● Task statement:
Write back every entry exactly as it reads, with the pictures left behind.
BEGIN Records for this task
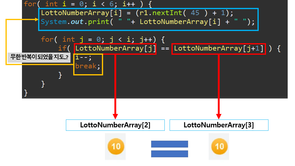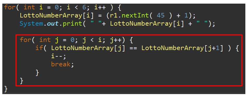 if( LottoNumberArray[j] == LottoNumberArray[j+1] ) {
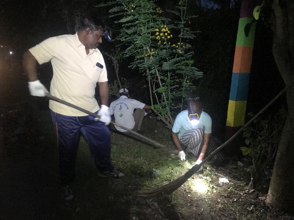 గురువారం చీకటి వేళ – ఆటోనగర్ సమీసాన - బెజవాడ బాటలోనే స్వచ్చ – సుందరీకరణ జరిగింది. జరిపిన వారు 24 మంది! ఎవరెవరు విరజిమ్మిన కశ్మలాలు గానీ, ఏరిన – ఊడ్చినంత మేర దొరికిన రకరకాల చెత్త బండెడు! గంటన్నర పాటు శ్రమదాన సంబంధిత మాటలు - పాటల సందడిని చూస్తూ, పట్టించుకోని వారు వందలమంది!
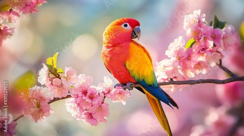 Vibrant parrot perched on blooming peach tree branch, embodying joy and prosperity, a symbol of good fortune in feng shui settings
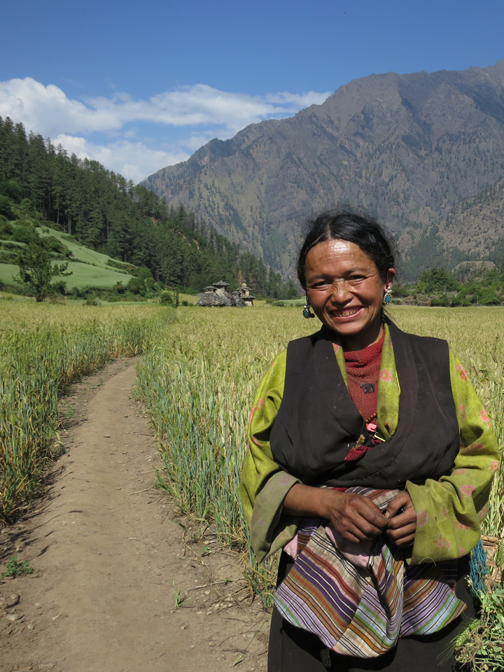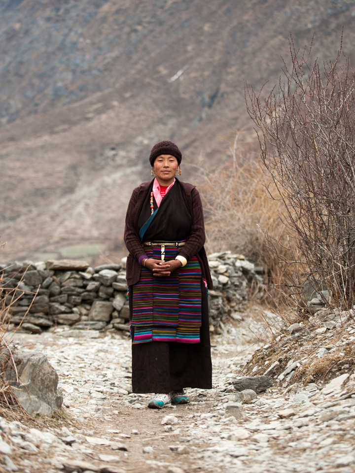 Passing the small shop, we continue to climb on a good trail for another few hours to reach Chhokangparo, where we’ll stop and stay at a homestay for the night. This is one of our favorite villages in the Tsum valley, a scenic and interesting village with friendly villagers and small lanes to explore. There’s a well-stocked shop in town and a local phone, and a home-stay sort of lodge owned by the same couple. The kids are eager to come and play so save some energy. We might have the chance to visit Tashi (of Tsum Valley Homestay)’s mother in their modest Tibetan home for a cup of salt-butter tea, and perhaps we’ll also visit another English-speaking friend, Namgyal, at his much nicer and lighter house. There is lots of weaving happening in this village as in most others in Tsum and Manaslu, and perhaps an opportunity to purchase a hook rug or other textile if you’re interested. The intricate, colorful woven belts adorning most women’s Tibetan-style chubas are unique to the Tsum valley as well.
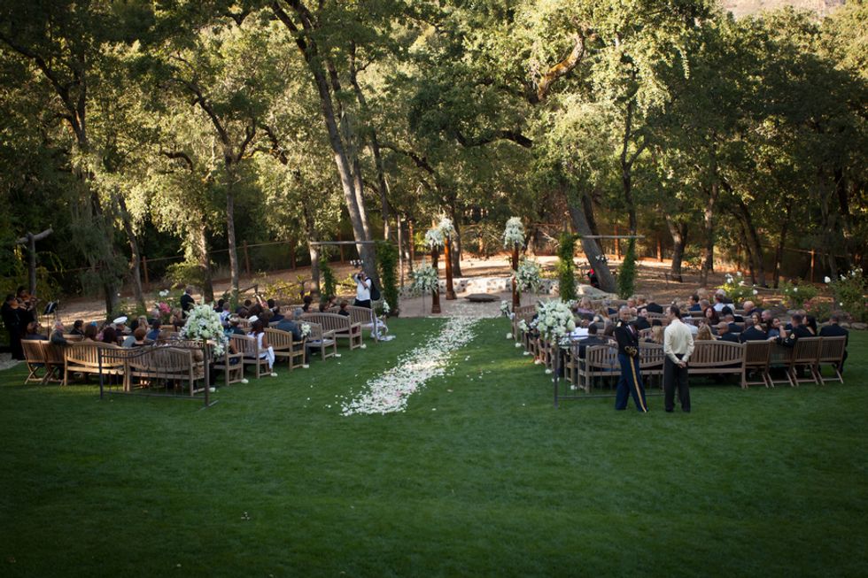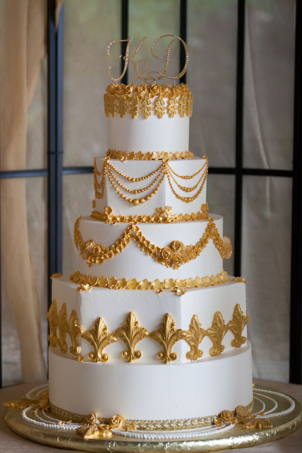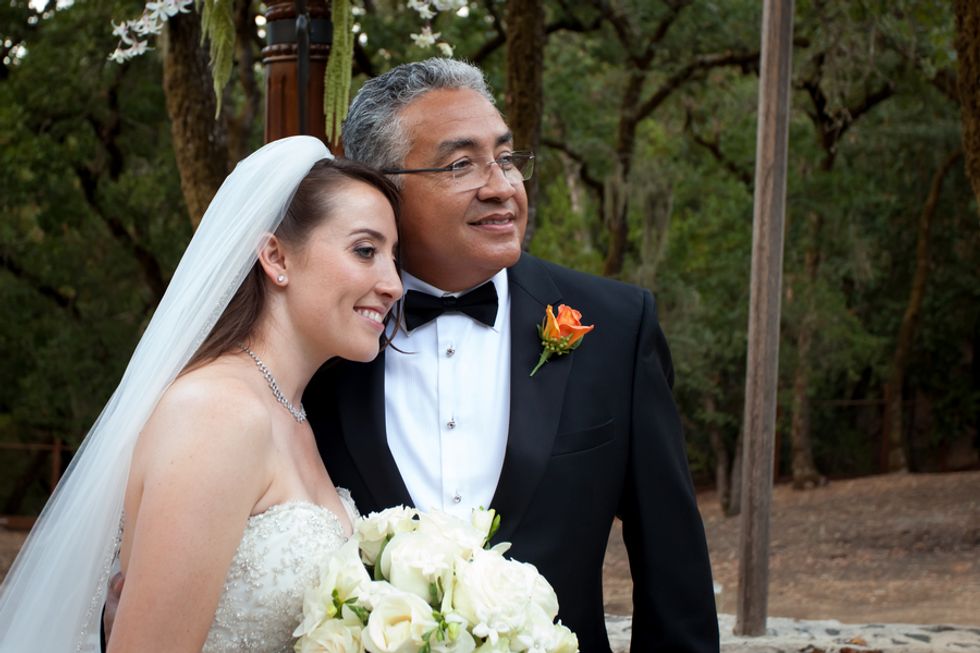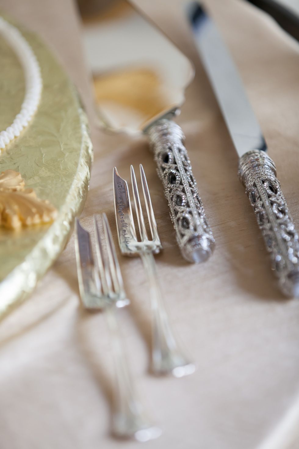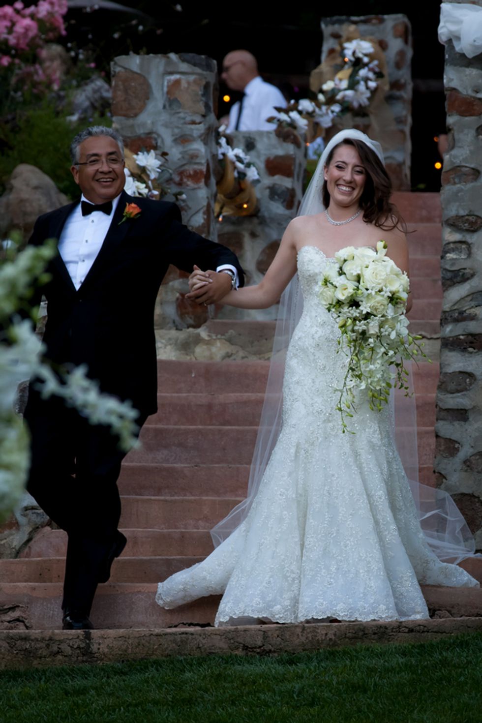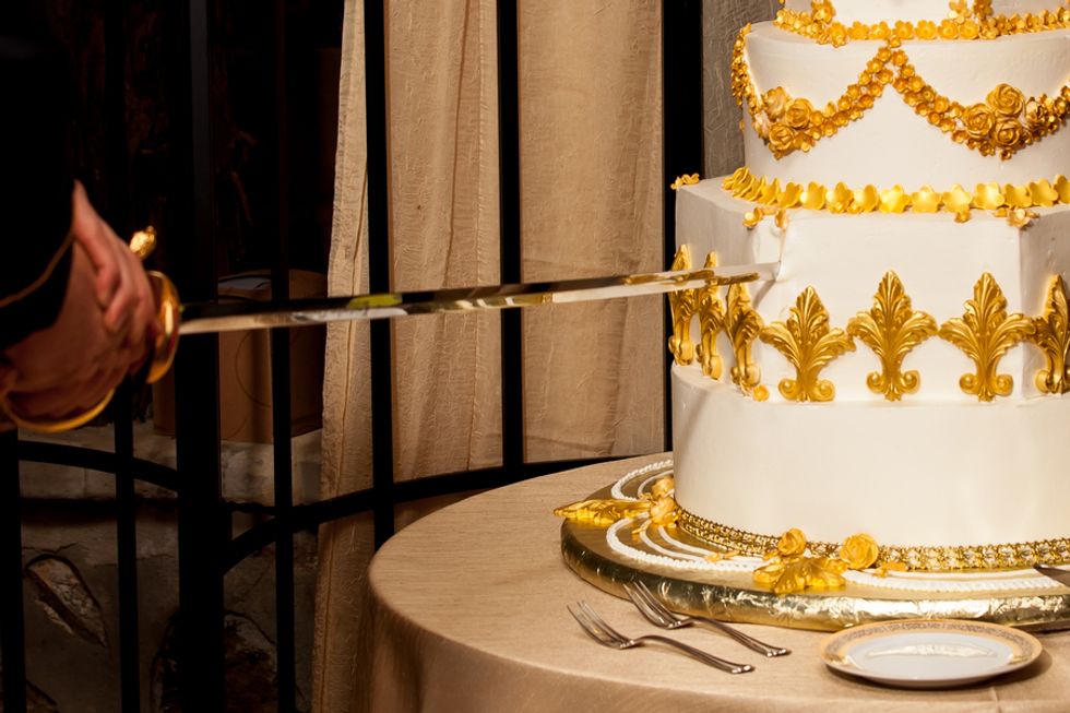 Luckily, Dana's father owns the venue, so the bride had full reign to turn Creekside Terrace in Los Gatos into a mini-Versailles. Spanish stars and chandeliers lit up the Redwoods with a luxurious glow while personalized silverware engraved with promises and golden goblets glittered in the candlelight. Tiara-shaped paperweights kept place markers from flying away. In keeping with the luxe color scheme, the cake was four layers of hand-piped roses, fleurs de lis, and pearls in gold icing that sat underneath a veiled birdcage until it was time.
END Records for this task
● Exercise output:
 if( LottoNumberArray[j] == LottoNumberArray[j+1] ) {
 గురువారం చీకటి వేళ – ఆటోనగర్ సమీసాన - బెజవాడ బాటలోనే స్వచ్చ – సుందరీకరణ జరిగింది. జరిపిన వారు 24 మంది! ఎవరెవరు విరజిమ్మిన కశ్మలాలు గానీ, ఏరిన – ఊడ్చినంత మేర దొరికిన రకరకాల చెత్త బండెడు! గంటన్నర పాటు శ్రమదాన సంబంధిత మాటలు - పాటల సందడిని చూస్తూ, పట్టించుకోని వారు వందలమంది!
 Vibrant parrot perched on blooming peach tree branch, embodying joy and prosperity, a symbol of good fortune in feng shui settings
 Passing the small shop, we continue to climb on a good trail for another few hours to reach Chhokangparo, where we’ll stop and stay at a homestay for the night. This is one of our favorite villages in the Tsum valley, a scenic and interesting village with friendly villagers and small lanes to explore. There’s a well-stocked shop in town and a local phone, and a home-stay sort of lodge owned by the same couple. The kids are eager to come and play so save some energy. We might have the chance to visit Tashi (of Tsum Valley Homestay)’s mother in their modest Tibetan home for a cup of salt-butter tea, and perhaps we’ll also visit another English-speaking friend, Namgyal, at his much nicer and lighter house. There is lots of weaving happening in this village as in most others in Tsum and Manaslu, and perhaps an opportunity to purchase a hook rug or other textile if you’re interested. The intricate, colorful woven belts adorning most women’s Tibetan-style chubas are unique to the Tsum valley as well.
 Luckily, Dana's father owns the venue, so the bride had full reign to turn Creekside Terrace in Los Gatos into a mini-Versailles. Spanish stars and chandeliers lit up the Redwoods with a luxurious glow while personalized silverware engraved with promises and golden goblets glittered in the candlelight. Tiara-shaped paperweights kept place markers from flying away. In keeping with the luxe color scheme, the cake was four layers of hand-piped roses, fleurs de lis, and pearls in gold icing that sat underneath a veiled birdcage until it was time.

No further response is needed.